Battle of the Dumplings: Moira vs. Nine05
Let me guess: when you're looking for comfort food, Asian cuisine doesn't exactly pop to the top of the list. While yummy, sushi lacks the warm, tummy-nurturing sensation that comes with mac n' cheese or Aunt Sally's meatloaf. But there are a few Asian dishes that easily calm frazzled nerves after a hard day. My favorite? Dumplings.
For this week's Chow Bella, I sampled two very different dumplings in hopes that one would imbue the stomach and the spirit with zen.
In One Corner: Moira Sushi
215 E. McKinley, Suite 102 in Phoenix
Hmm...something seems fishy about these dumplings.
I arrived at Moira during the tail end of lunch hours and was greeted by a fun, young server with a wild mane of black and turquoise spikes. She told me I had the pick of any seat in the house, since there wasn't a customer in sight. Not a good omen.
Moira is quite lovely and modern, with sleek black and chrome furnishings and a large sushi bar in the middle of the space. Huge windows surround the dining area, letting daylight in to brighten up the dark walls, which range from grey cinderblock to checker patterned to mahogany wood.
Moira offers several types of dumplings including shu mai and gyoza. I opted for the edamame shu mai, described as "crispy dumplings stuffed with white fish and soy beans," figuring they would do double duty to satisfy cravings for salted edamame and sushi.
Six small dumplings arrived skewered and prettily arranged atop cabbage slaw. The plate looked so festive, I was oddly reminded of the Fourth of July sparklers that used to garnish birthday desserts at some local restaurants before Phoenix fire codes quashed that tradition. Even if I wasn't there to do a Battle of the Dishes, I would've felt compelled to take a picture. I adore pretty food, don't you?
Eventually, I gave in and bit into the crisp brown shell of one of the dumplings, with a mixed reaction. The outside was cooked perfectly, crisp and chewy with a nice subtle wonton flavor. The soybeans gave the dumplings an earthy, slightly salty flavor. But the texture of the filling was too gummy/pasty, and the fish was a little "fishy."
It's always better when fish has that clean, crisp taste that you associate with high-quality sushi, rather than tasting like an aquarium. In Moira's defense, very fresh fish is hard to find in Phoenix. I mean, we are a landlocked desert city. Taking that into consideration. Moira's dumplings get a solid B, mainly for the deliciously crispy exterior and the pleasant addition of well-cooked soybeans.
In the Other Corner: Nine|05 Modern Asian
905 N. 4th St. in Phoenix
These dumplings made us use a Food Network buzzword. Sigh.

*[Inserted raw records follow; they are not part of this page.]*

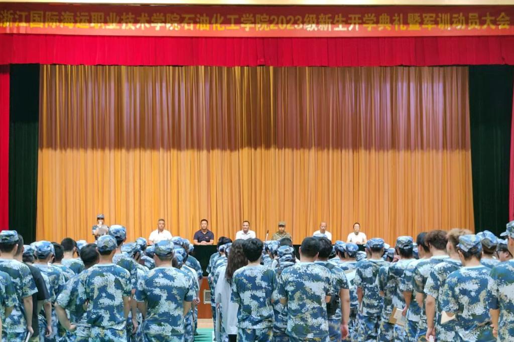 岱山校区在职教园区体育馆也同步举行了2023级新生开学典礼暨军训动员大会,石油化工学院全体班子成员、承训部队领导、全体参训师生参加。(学生处、石油化工学院)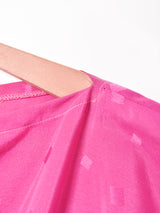 ビビッドピンクをベースにした大胆な模様が目を惹くワンピース。光沢のあるダイヤの織柄が魅力的。おそらくポリエステル素材の軽やかな薄手の生地で、裏地はありません。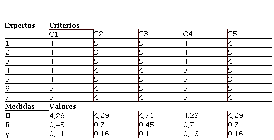 Los resultados obtenidos respecto al valor medio (Ẍ) de cada uno de los criterios muestran un comportamiento alto (mayor que 4) en la evaluación de los especialistas. Esto demuestra que existe correspondencia en el criterio de los especialistas y por tanto el sistema de indicadores es evaluado de positivo para ser aplicado al objeto de estudio.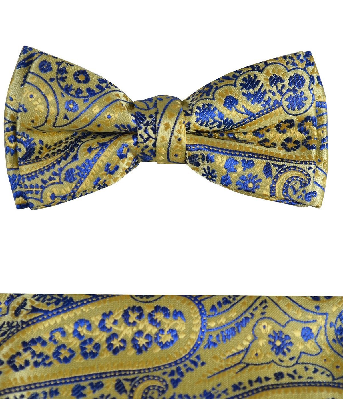 Yellow and Blue Boys Bow Tie and Pocket Square Set, Pre-tied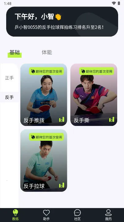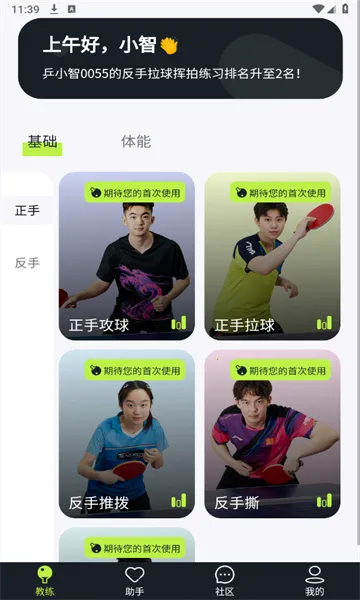 如果你热爱乒乓球,那乒小智App绝对值得拥有!它功能超强大,能解决不少乒乓球训练难题。海量的乒乓球训练教程,帮你掌握正确动作要点,哪怕是新手小白也能快速提升水平。通过手机摄像头捕捉挥拍动作,与顶级运动员标准比对,实时指出偏差并给纠正建议。还能查看训练数据,了解自己训练情况。社区交流板块可与其他爱好者分享经验。多种训练模式满足个性化需求,比如挥拍动作规范、步法敏捷练习、得分技巧传授等。不管是家庭训练利用碎片时间,还是俱乐部教学让教练针对性指导,亦或是赛前备战模拟对手打法,它都能轻松应对。操作也简单,进入软件在教练页面学运动,助手页面剪辑视频,社区页面互动交流。别犹豫啦,赶紧来试试,让乒小智助力你成为乒乓球高手!
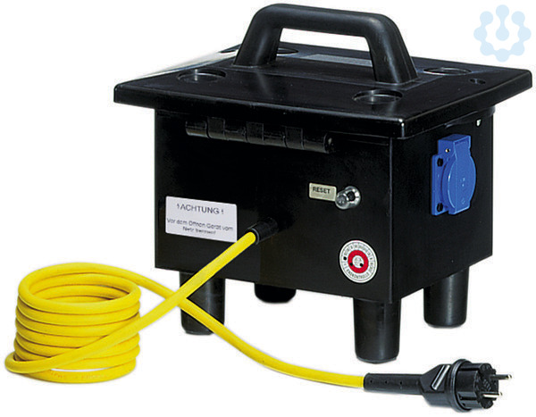auf der Primaerseite Abmessungen: H x B x T = 275 x 280 x 230 mmSchutzart: IP 54Gewicht: ca. 10 kg Eigenschaften:- Gehaeuse aus schlagfestem Vollgummi mit hoher mechanischer Festigkeit- bestaendig gegen Saeuren und Basen- sehr gute Wetter-, UV- und Ozonbestaendigkeit- hohes elektrisches Isolationsvermoegen- Steckdosen und andre Komponenten einzeln auswechselbar und VDE geprueft- Einhaltung aller gueltigen elektrotechnischen Sicherheitsvorschriften der VDE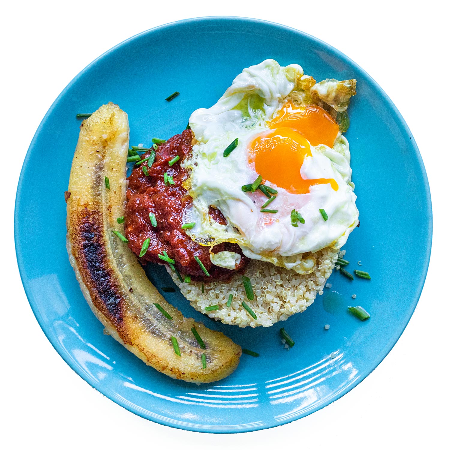 Pon la salsa de tomate + el huevo sobre la quinoa y acompaña con el plátano. Decora con el cebollino y sirve.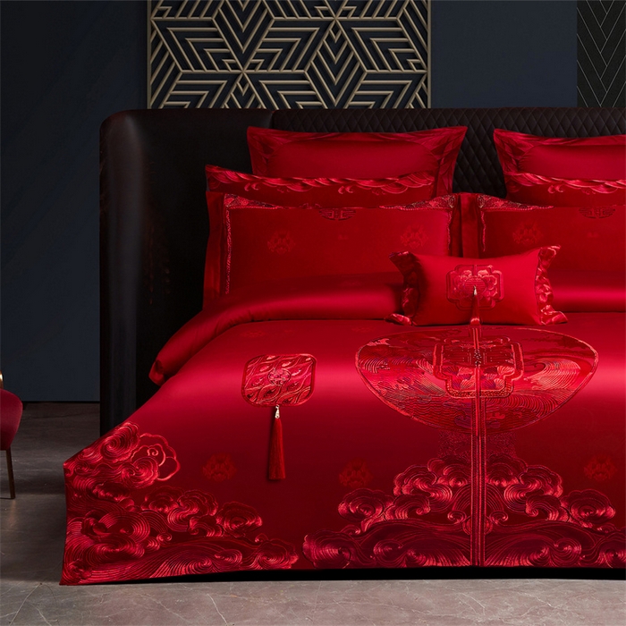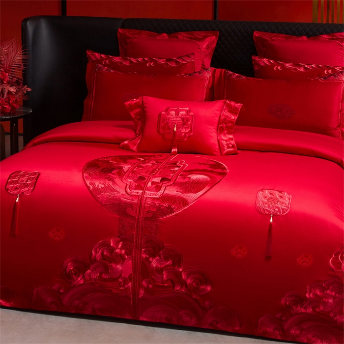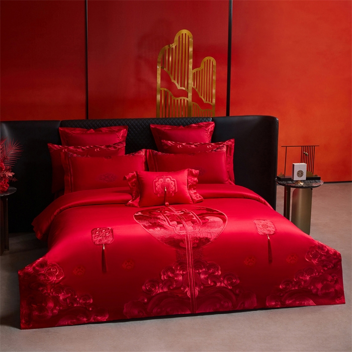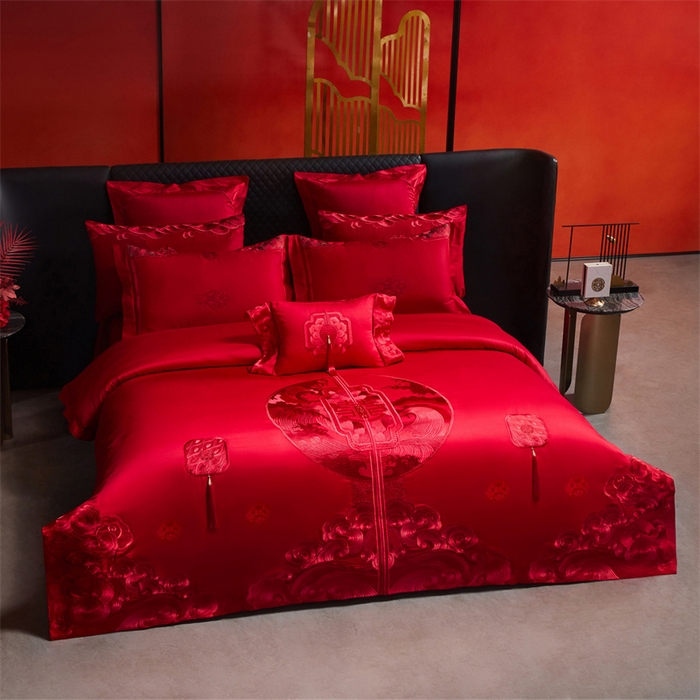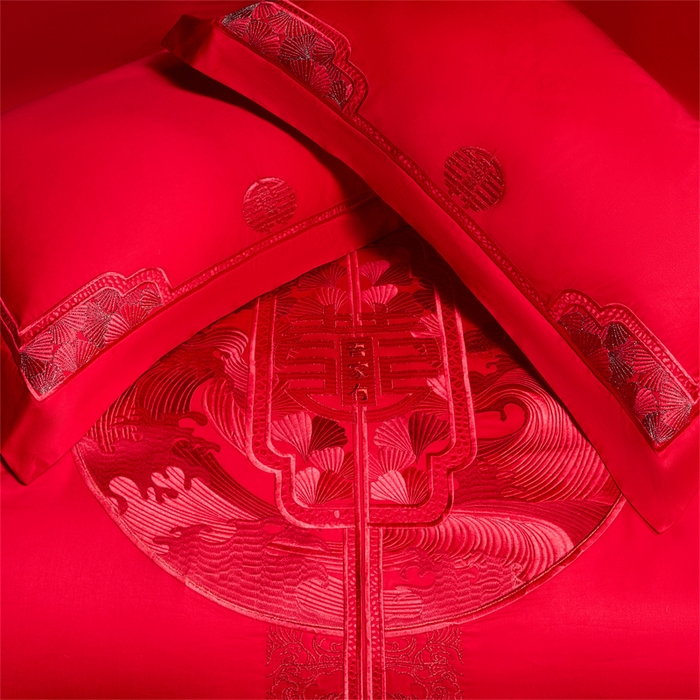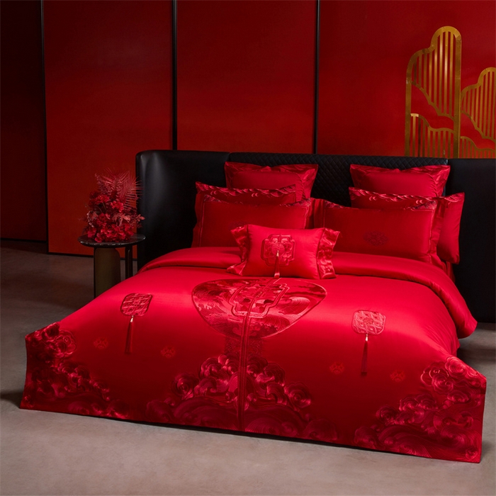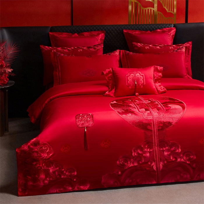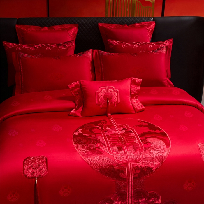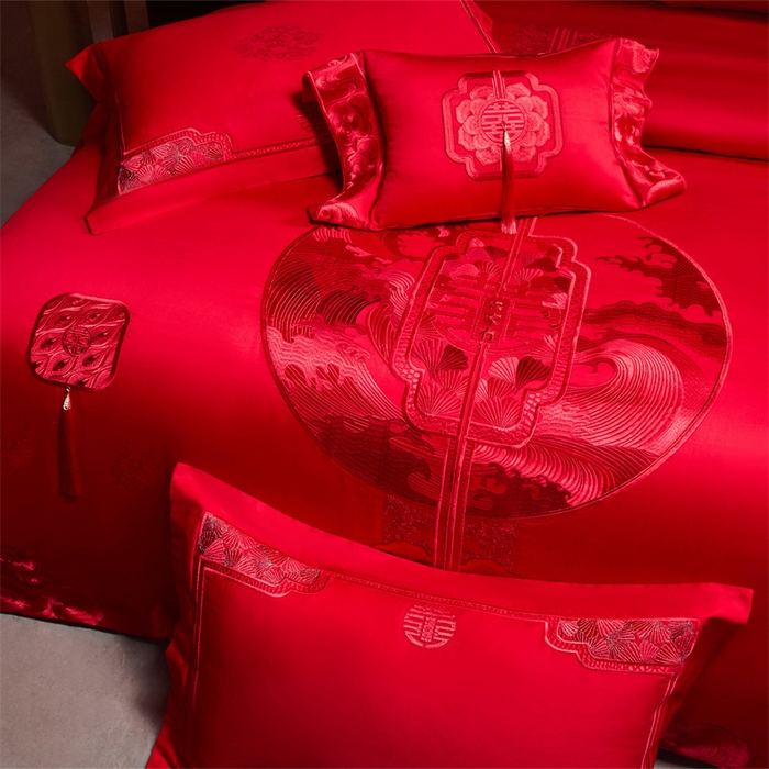 红番天婚庆 (控价)2025新款全棉提花全棉贡缎提花新中式婚庆四件套多件套 听澜同心-红

Matt Carter's trendy Nine05 Asian eatery popped up following the demise of the ill-fated Fate restaurant, and has been a downtown hotspot ever since. It's located in a historic house on 4th St., which means charming details like exposed brick walls and beamed ceilings are a given.
arge mirrors hang on the interior walls to help expand the space, but without the additional square footage provided by the patio, Nine05 would be tiny. That's because the bulk of the space is taken up by the completely open kitchen, where you can spy Matt or Chef Jay Bogsinske busily firing up the wok or cooking noodles on the stove.
Nine05 has a dedicated dumpling section of their menu, with four types available including vegetable, crispy duck with sweet n' sour, and chicken with mushroom. We opted for the latter, which sounded comforting and familiar. What my dining companion and I got was totally unexpected.
Three large dumplings arrived in a large, shallow bowl garnished with parsley, green onion and red pepper. Whole, cooked mushrooms were scattered throughout. At first glance, it looked more like a traditional Italian pasta dish -- ravioli con i funghi -- than Asian dumplings. But the dumplings were swimming in a light mushroom and fermented black bean broth drizzled with a touch of chili oil.
My partner and I dug into the plate and were immediately underwhelmed by the taste -- oddly enough, not in a bad way.
"This is so subtle, but delicious," my companion remarked. "The broth alone is just so...so...ok, I hate to use a Food Network buzzword, but I'm gonna say it. This dish has umami!"
At that declaration I giggled, but he was right. Umami, a Japanese word that approximates "savory" was the perfect descriptor for this earthy, salty broth. It truly captured the essence of the word. The dumplings were soft and melty, with a chunky filling of diced chicken and mushrooms that again had a very subtle flavor. No heavy-handed American spices to overwhelm the palate. These dumplings definitely comforted our souls, and our tummies.